Diese möchte ich jetzt über Java ansteuern.
Da ich noch änfanger auf dem Gebiet bin habe ich keine Ahnung wie ich da anfangen soll.

Hat jemand schon mal so etwas gemacht oder hat jemand eine Idee wie man da anfangen könnte bzw einen Sourcecode den man verwenden könnte.


Gruß Steffen


----------



## Thomas Darimont (29. September 2010)

Hallo,

schau mal hier:
http://www.oracle.com/technetwork/java/index-jsp-141752.html

oder besser hier:
http://www.rxtx.org/

Gruß Tom


----------



## Steven19 (30. September 2010)

Morgen,

Vielen Dank für die schnelle Antwort.
Aber leider kann ich mit den zwei Links nicht viel anfangen.

Wie gesagt ich bin änfanger auf dem Gebiet. 
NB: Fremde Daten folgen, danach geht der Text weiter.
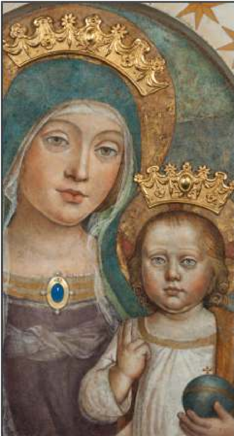
The ancient fresco of Madonna del Soccorso (Our Lady of Help) in St. Peter's Basilica was restored with the support of the Knights of Columbus to mark the Year of Faith (2012-2013).
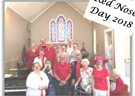
Red Nose Day 2018
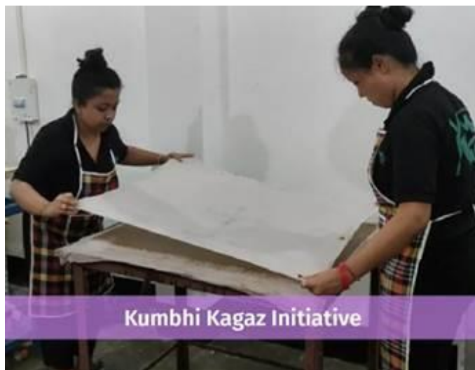
Kumbhi Kagaz Initiative
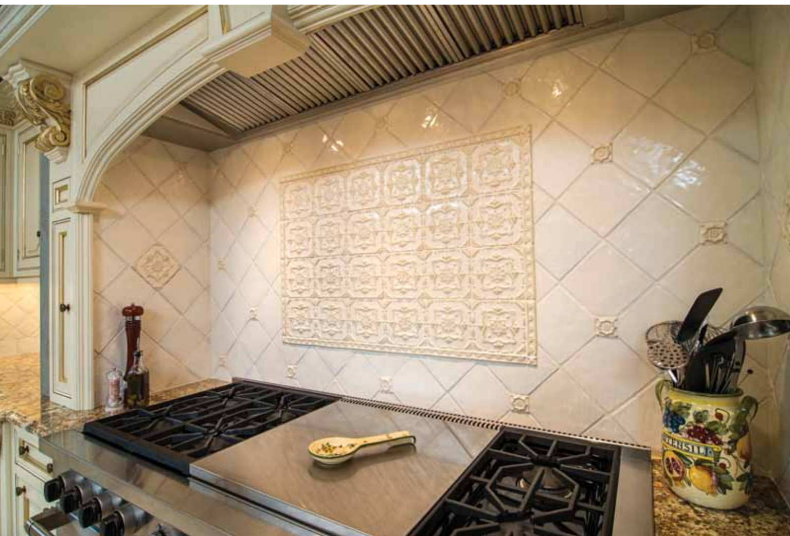
A detailed custom tile backsplash adds to the elegance of the space.
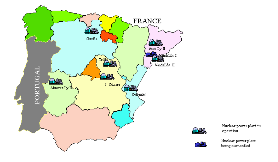
FIG. 1. Location of Spanish NPPs
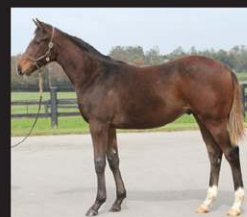
Hip 1012 Corinthian-Silver Lace Colt selling at Keeneland NOV.
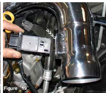
Figure 19 Insert the mass air flow sensor into the machined adapter. Once the mass air flow sensor has been butted up to the adapter, continue to use the stock screws to fasten the sensor and adapter together.
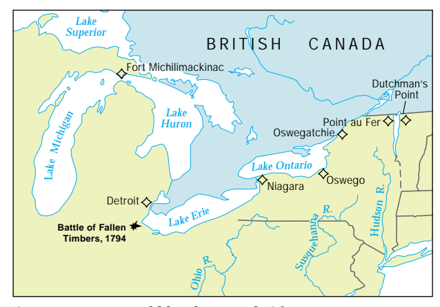
American Posts Held by the British After 1783

President Washington's far-visioned policy of neutrality was sorely tried by the British. For ten long years, they had been retaining the chain of northern frontier posts on U.S. soil, all in defiance of the peace treaty of 1783. The London government was reluctant to abandon the lucrative fur trade in the Great Lakes region and also hoped to build up an
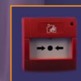
EDA-C5000 Manual Call Point
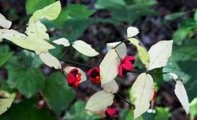
Strawberry Bush or bursting-heart ( Euonymus americanus ) with fruit. The leaves turn white or pale pink in the fall
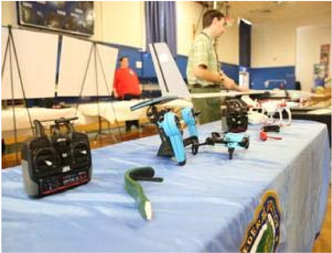
New Jersey Emergency Preparedness Conference returns to A.C. this week
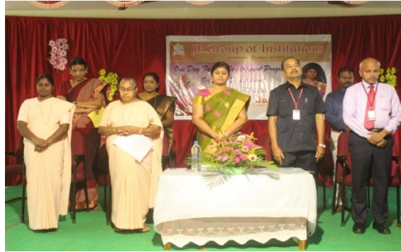
Faculty development program
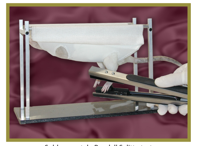
Sold separately-Randall Selitto test

Order any one of the test systems complete and the only additional item(s) needed are the individual modules to perform each test.
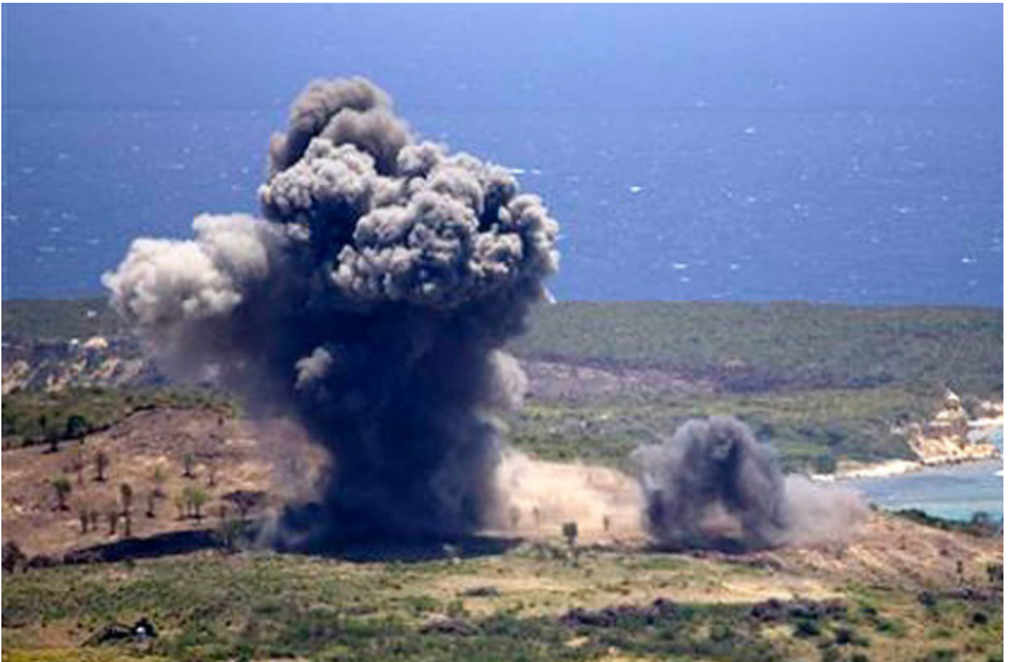
Figure 6: Clearing out in Vieques (Repeating Islands 2011)

Bringt es was wenn ich mir ein ISMif-Controllerbox USB kaufe?
http://www.emisgmbh.de/usbismif.htm

Dann kann ich die SMC Karte über die ASCII Steuerbefehle ansprechen.
Aber bringt das mir überhaupt was?
Kann ich in Java die ASCII Steuerbefehle ansprechen?

Gruß Steffen


----------



## genodeftest (4. Oktober 2010)

USB ist mit Java schwer zu handhaben (siehe http://www.tutorials.de/java/367083-usb-einbindung-java.html).
Probier lieber die obigen Tips


----------